The combined production includes Equinor’s 38,000 boe/d and Shell’s 100,000 boe/d. However, this volume remains marginal compared to the global output of the two companies, with Equinor alone producing nearly 2 million boe/d worldwide.
A context marked by the decline of reserves
North Sea oil fields have been in decline for years, reaching maturity. Shell and Equinor hope that this merger will maximize the exploitation of remaining resources while reducing operational costs. According to their statements, this partnership aims to maintain the profitable extraction of a strategic resource for the UK.
The merger, effective from January 1, 2025, will not involve any cash transactions between the parties, as confirmed by Equinor. Key projects in the new portfolio include the Rosebank oil and gas field, which is already controversial and subject to legal battles. Both companies are also exploring opportunities to take this entity public in the medium term.

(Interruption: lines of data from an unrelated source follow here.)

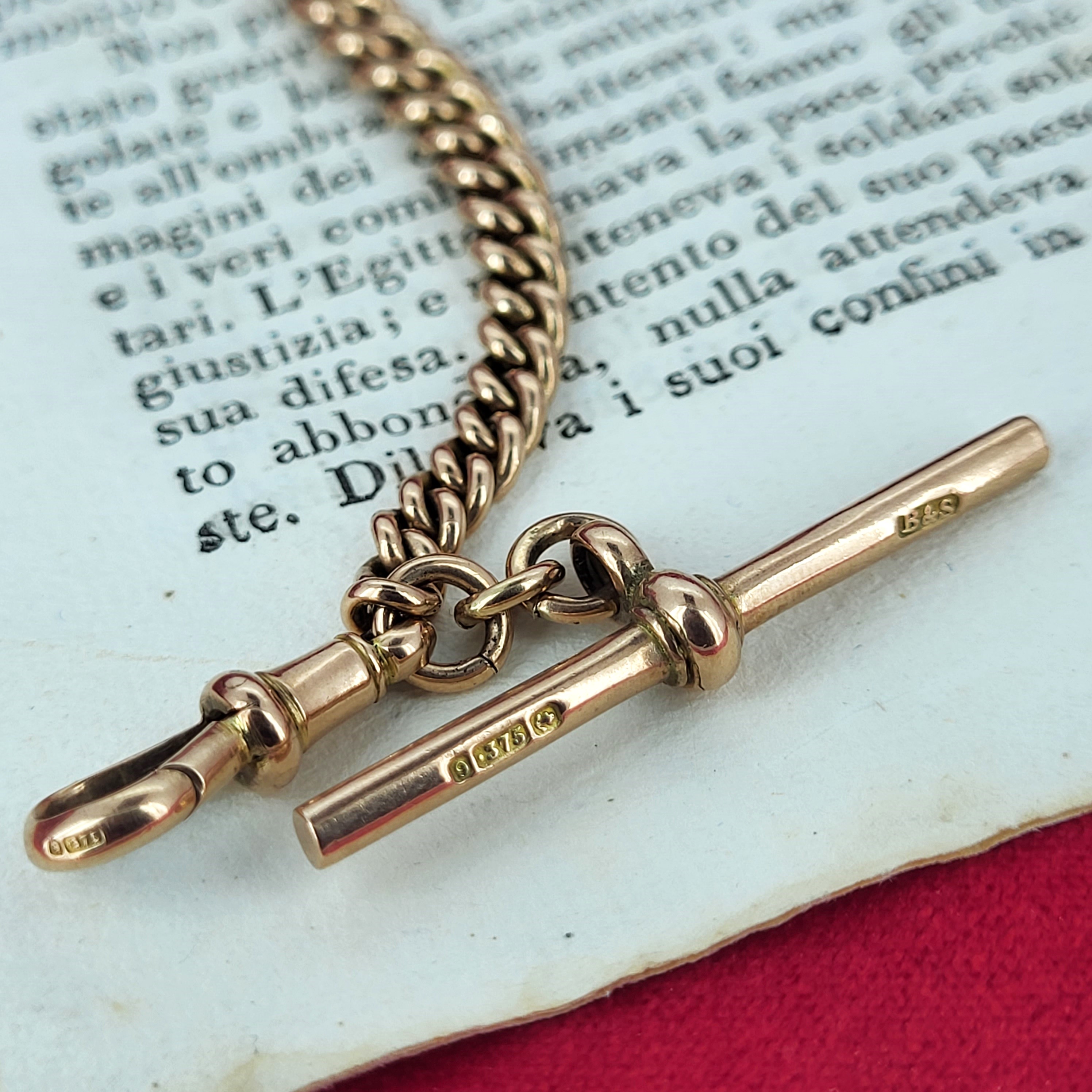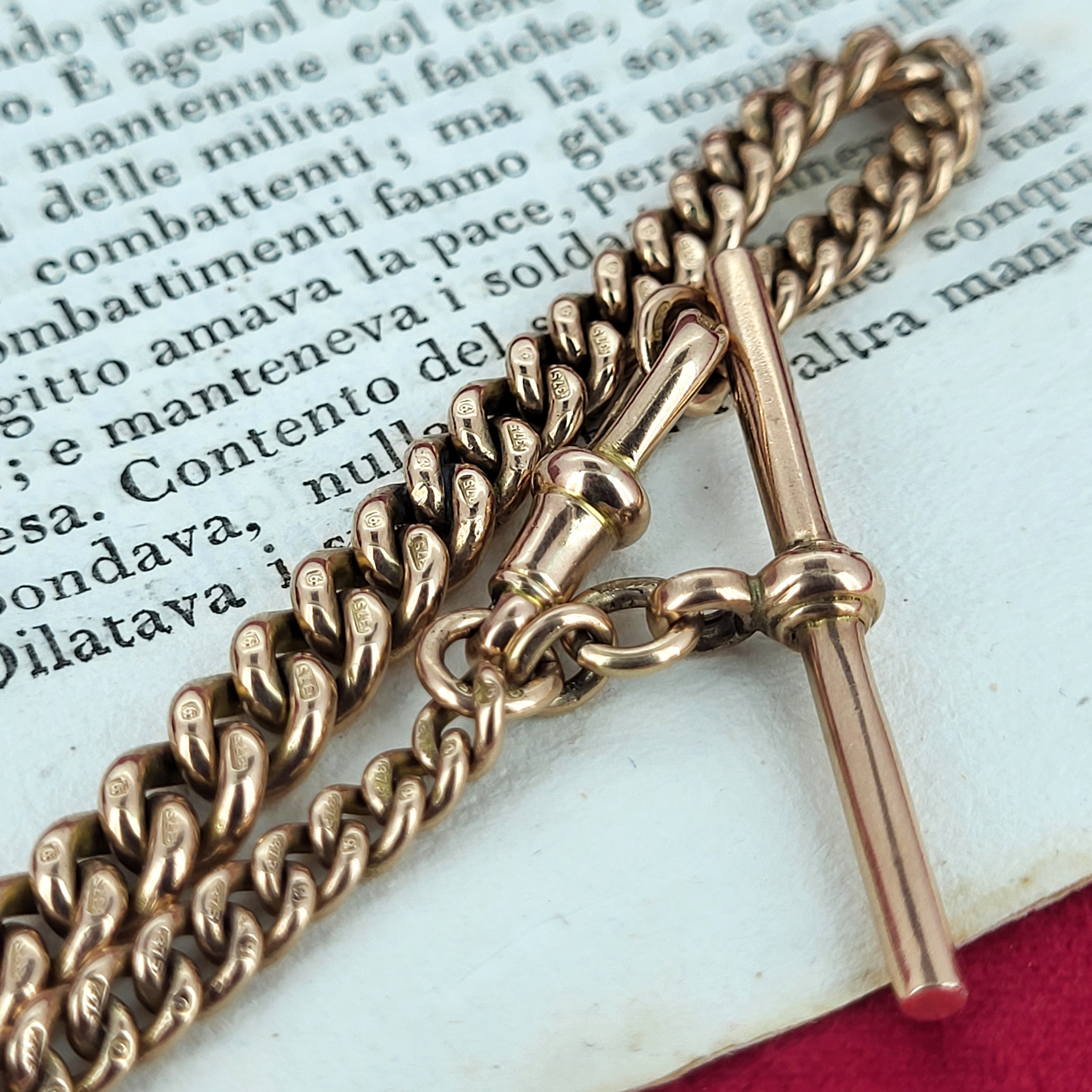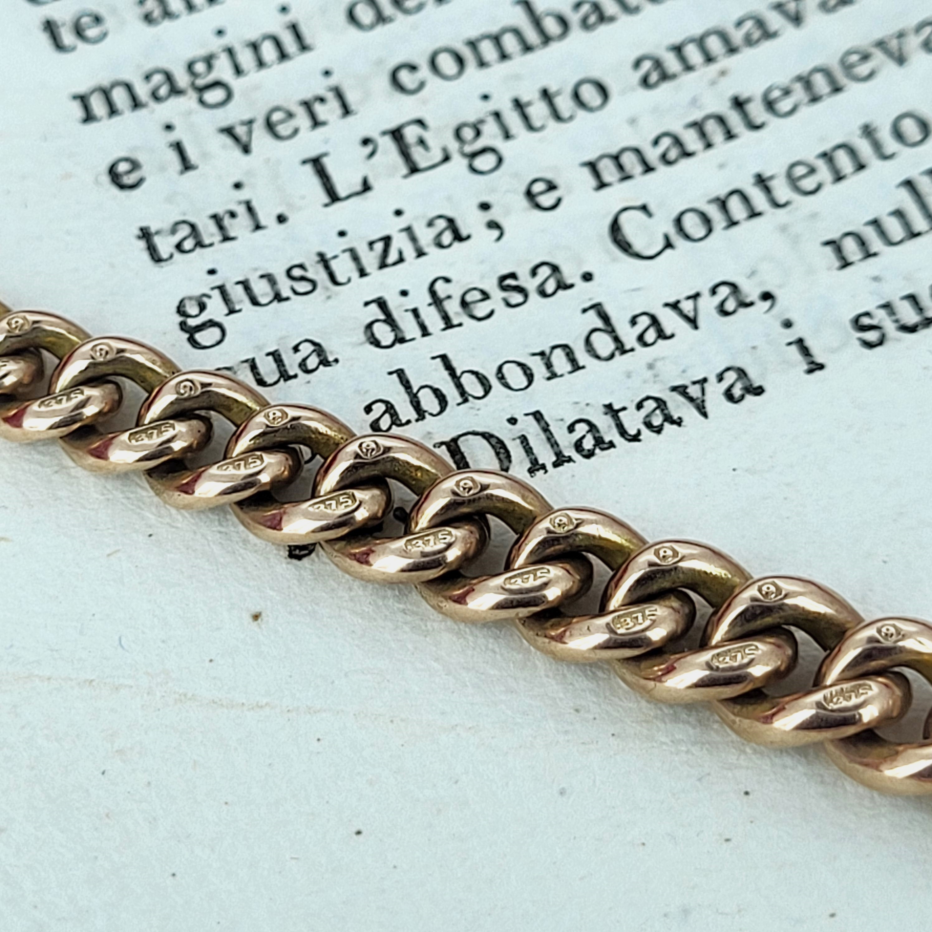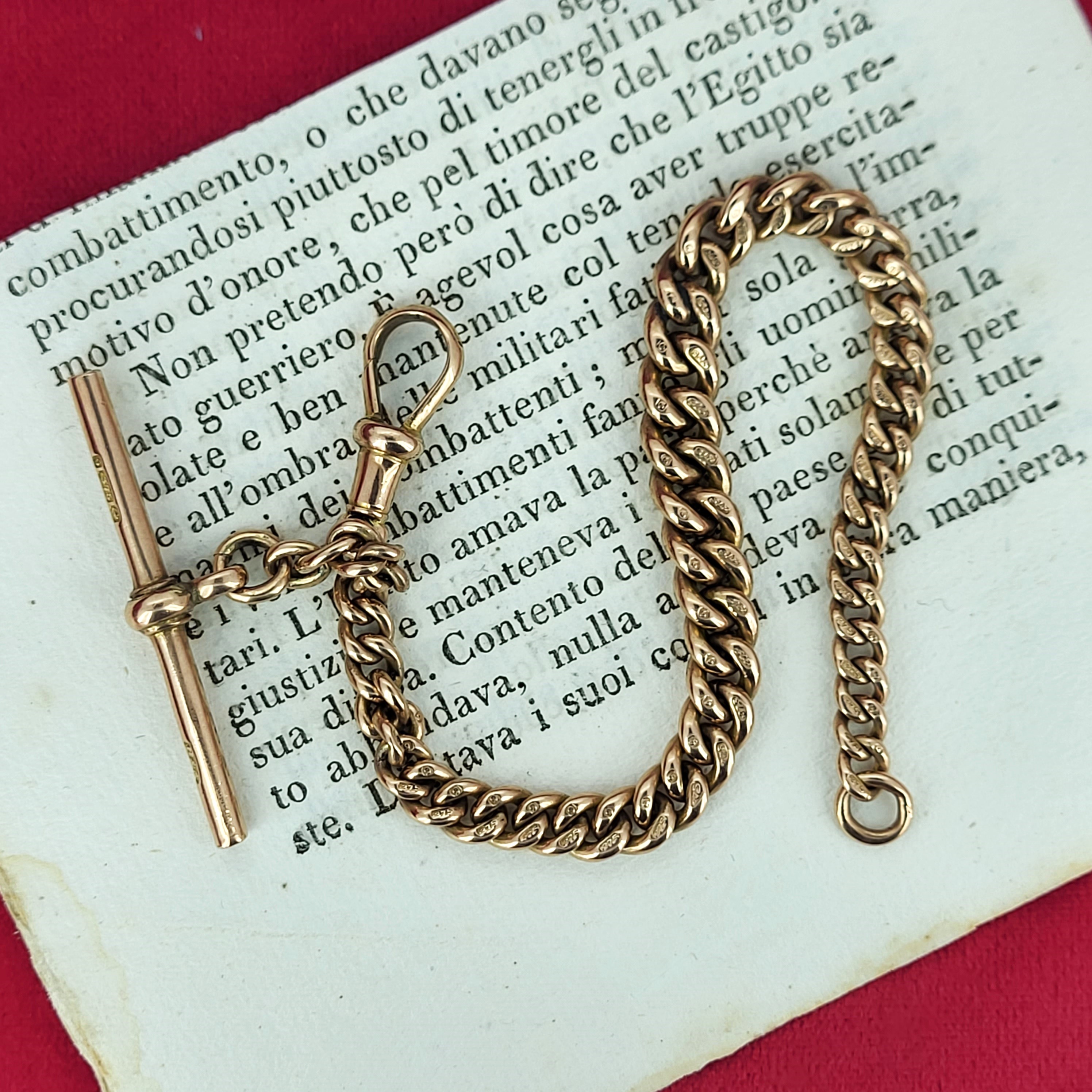 A wonderful Traditional Albert Style Bracelet with tight curb links crafted from 9ct Rose Gold. The bracelet comprises a Swivel fitting and a T-Bar measuring 4cm in length.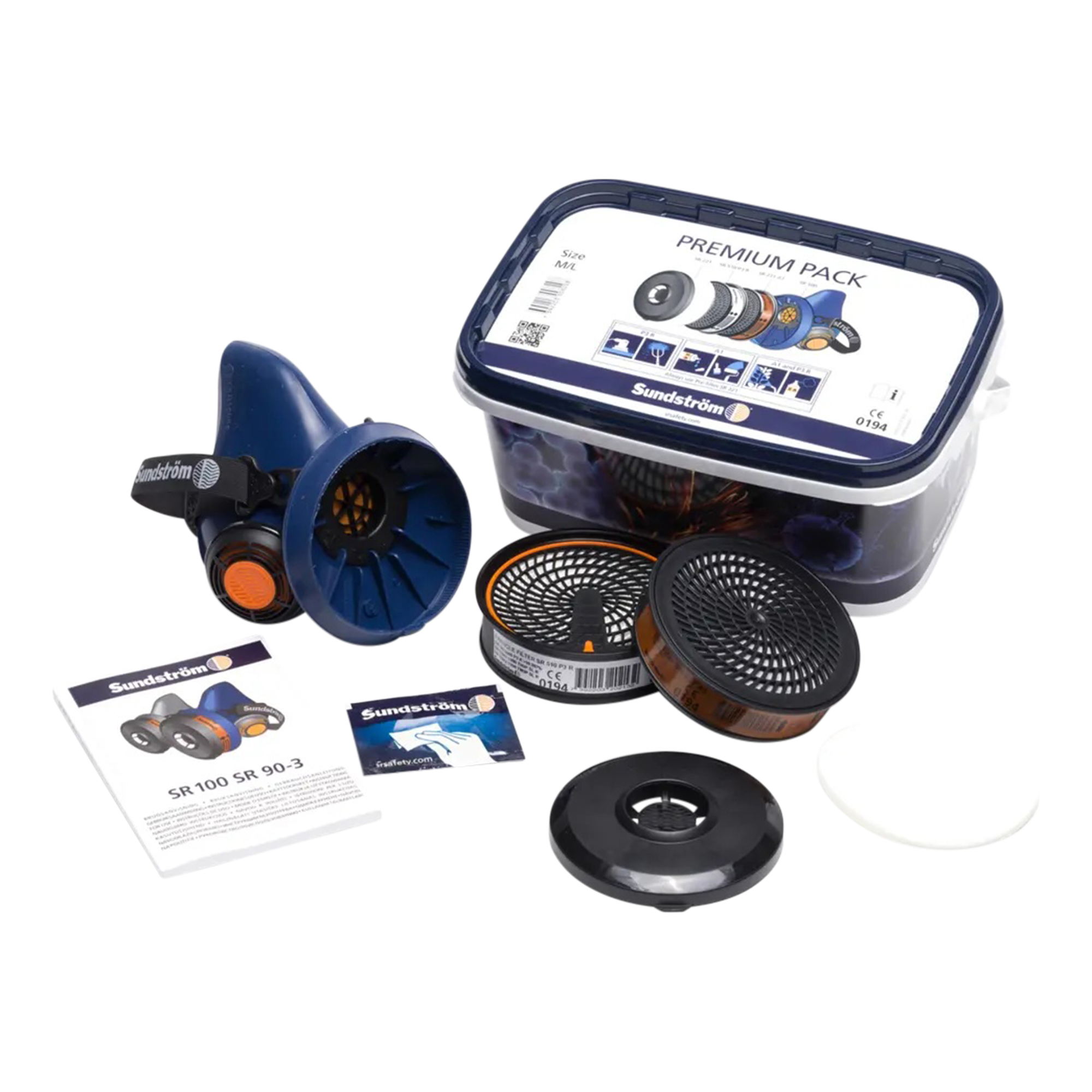 Halvmask SR 100/partikelfilter SR 510 P3 R/gasfilter SR 217 A1/förfilter/förfilterhållare/rengöringsservett.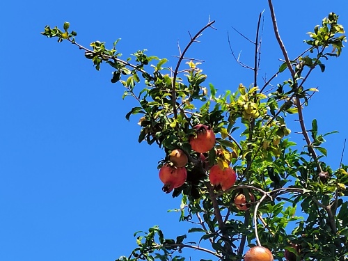 九月,暑气悄然隐退,苏泗庄的天空澄澈如磨亮的蓝宝石,几缕白云轻悠飘过,为清透添了几分温柔。庭院里的风带了凉意,拂过枝叶时卷起细碎沙沙声,将秋的气息悄悄铺展。庭院深处的几颗果树正攒劲孕育秋实:石榴裹着青红相间的外皮,圆鼓鼓透着青涩的饱满,果皮细纹记录着生长的痕迹;青绿的柿子密密缀在枝头,有的带有淡淡绒毛,阳光映出浅浅的光泽,像颗颗绿宝石般鲜活。风起时,枝叶带着满树的 “小期待” 轻轻摇晃,石榴与柿子在光影里轻轻摆动,没有坠落的果实,只有满庭的绿意与生机。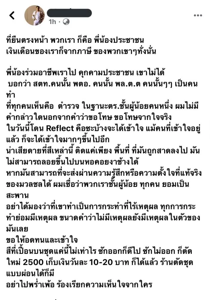 หนึ่งในตำรวจที่ถูกสาดสี กล่าวว่า “พี่น้องร่วมอาชีพเราไปคุกคามประชาชน ไม่มีคำกล่าวใดนอกจากขอโทษ แต่น่าเสียดายที่สีติดแค่พื้นที่ที่ถูกสาด ไม่สามารถไปถึงหอคอยงาช้างได้(พวกผู้นำ) ยังมองว่าเป็นการกระทำที่มีเหตุผล”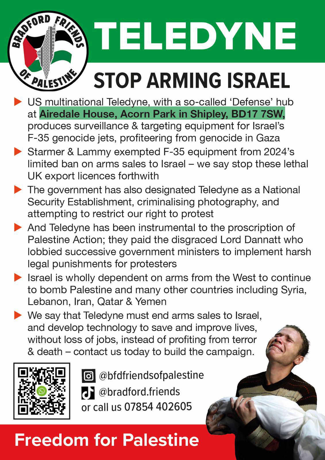 • A call to action against Teledyne (in Shipley, Bradford), an arms factory supplying Israel’s genocide who also lobbied ministers to get Palestine Action proscribed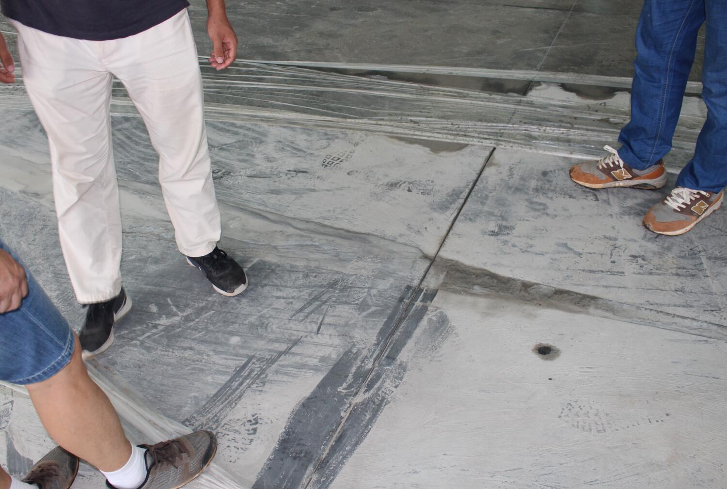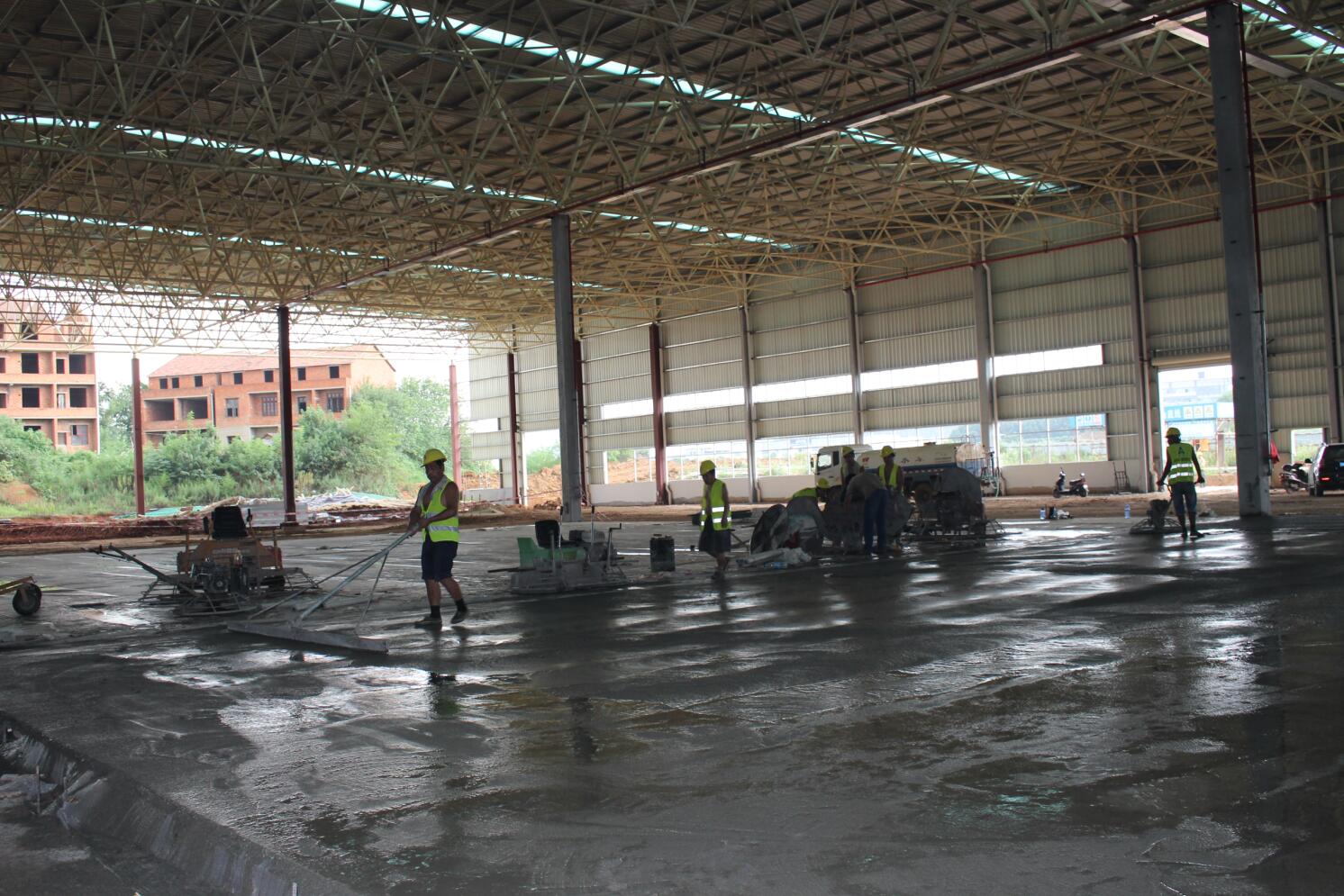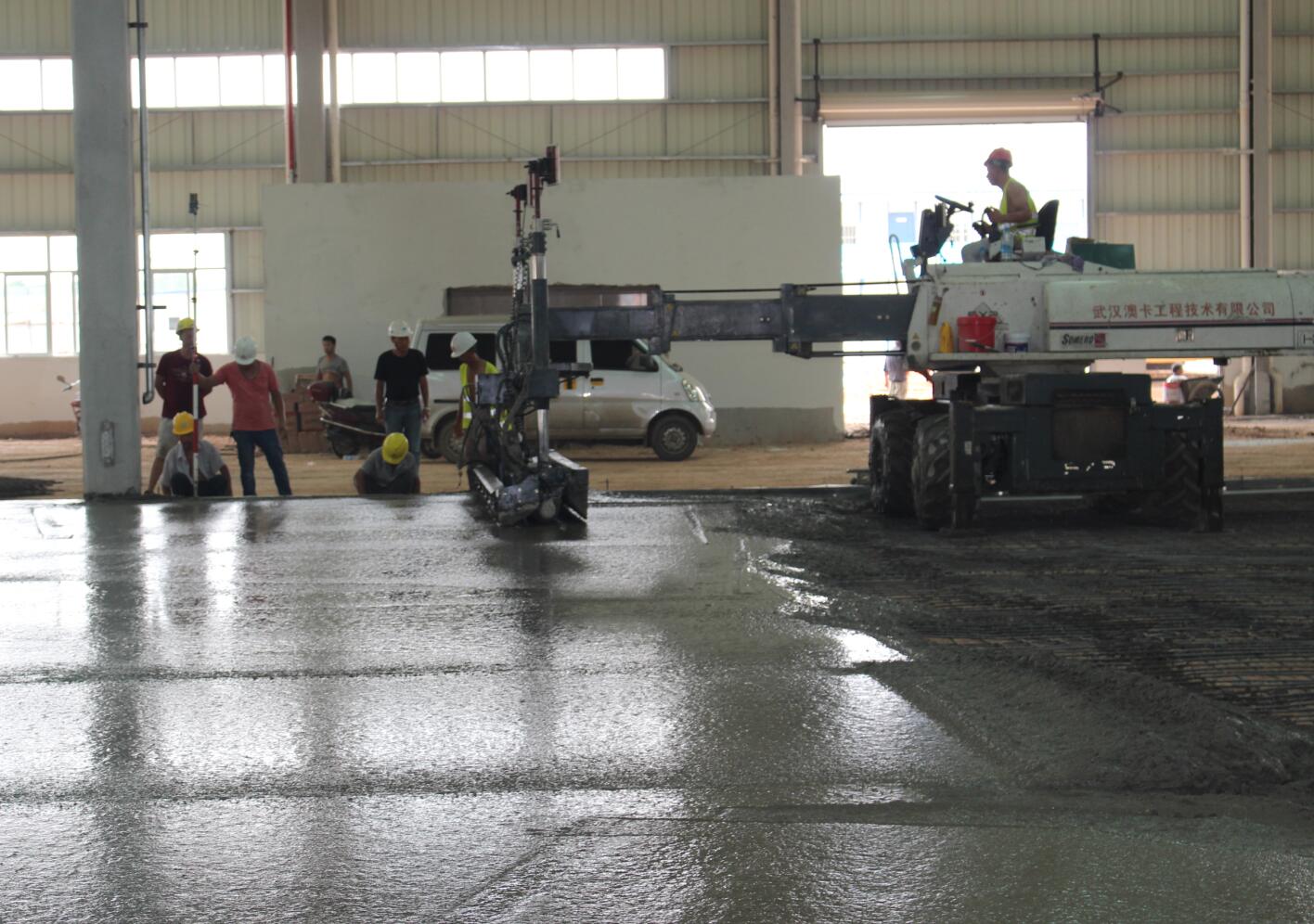億和中建鋼構(gòu)項(xiàng)目率先在地平混凝土現(xiàn)場(chǎng)引進(jìn)激光振坪儀和磨光機(jī),不僅在效率上大大縮短了施工時(shí)間,降低了人工成本,更是在效果上達(dá)到了比人工更為精準(zhǔn)的技藝——混凝土的平整度、密實(shí)度、觀感度以及面層金剛砂顆粒分布度優(yōu)良,高低差控制在3~4mm。

Economic and environmental reactions
On the markets, the announcement triggered mixed reactions: at the Oslo Stock Exchange, Equinor’s shares rose slightly by 0.13%, while Shell’s shares fell by nearly 1% in London.
Environmental criticism did not take long to emerge. Greenpeace denounced the move as an attempt to “conceal the terminal decline of the industry” and reiterated its call for the UK government to ban new oil permits. The NGO also highlighted environmental and legal challenges tied to projects like Rosebank.
Retention of strategic assets and diversification
Despite this merger, both companies will retain individual strategic assets. Equinor will keep its transboundary Norway-UK fields as well as its renewable energy projects, particularly offshore wind. Meanwhile, Shell will continue to operate its Fife liquefied natural gas plant, the St Fergus gas terminal, and its ongoing offshore wind developments.
As the oil industry faces increasing challenges, this merger highlights the need for major companies to adapt to economic realities and environmental pressures. However, questions remain about the long-term viability of such operations amid ongoing energy transitions.